Uma viagem de 7 dias para um casal em Nova York custa entre R$ 22.000 e R$ 46.000 no total, incluindo passagens em econômica, hotel 3 estrelas bem localizado, alimentação variada e atrações principais. O maior fator de variação é a passagem aérea, que pode mudar R$ 5.000 a US$ 10.000 por pessoa dependendo da antecedência e da época. (NYC Tourism + Conventions, 2024)
Qual a melhor época para visitar Nova York?
Abril a junho e setembro a novembro são as janelas ideais: temperaturas agradáveis (10–25°C), menos lotação que o pico de verão e preços de hotel 20 a 30% menores que julho-agosto. Dezembro tem o charme natalino com bons preços no início do mês. Evite janeiro e fevereiro se frio extremo não é o que você busca, embora os preços sejam os menores do ano.

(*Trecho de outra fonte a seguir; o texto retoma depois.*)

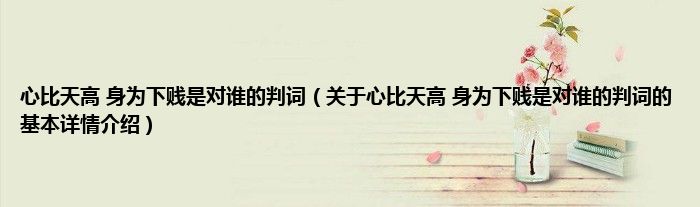 本文关于心比天高 身为下贱是对谁的判词的基本详情介绍就讲解完毕,希望对大家有所帮助。

Precisa de visto para ir a Nova York?
Sim. Brasileiros precisam do visto americano tipo B1/B2 para entrar nos EUA. O processo envolve formulário DS-160, taxa de US$ 185 e entrevista no consulado. O tempo de espera para entrevista varia de semanas a meses, conforme a cidade e o período do ano. Planeje com pelo menos 3 a 4 meses de antecedência. Veja o passo a passo completo: Visto americano 2026.
Como usar o metrô de Nova York?
O metrô opera 24h por dia e cobre toda Manhattan e os bairros de Brooklyn, Queens e Bronx. Uma viagem custa US$ 2,90. O sistema OMNY aceita cartão de crédito ou débito internacional diretamente na catraca, sem precisar comprar MetroCard. A partir da 6ª viagem no mesmo dia, as viagens ficam gratuitas automaticamente. (MTA, 2026)
Vale a pena comprar o New York CityPASS?
Depende do roteiro. O CityPASS agrupa 5 atrações (MET, American Museum of Natural History, Top of the Rock, Guggenheim e uma das opções de cruzeiro) por US$ 142, contra US$ 182 no total se compradas separadamente, uma economia de 22% (CityPASS, 2026). Compensa se você de fato vai visitar todas. Não compensa se o roteiro for mais seletivo.
Nova York é segura para turistas?
Nova York é uma das cidades mais turísticas do mundo e tem infraestrutura adequada para visitantes. As áreas do roteiro acima, Midtown, Central Park, SoHo, Brooklyn Bridge e DUMBO, têm movimento constante e baixo risco. Atenção ao metrô em horários menos movimentados depois de meia-noite. Bairros como East New York e South Bronx fogem do circuito turístico e não constam neste roteiro.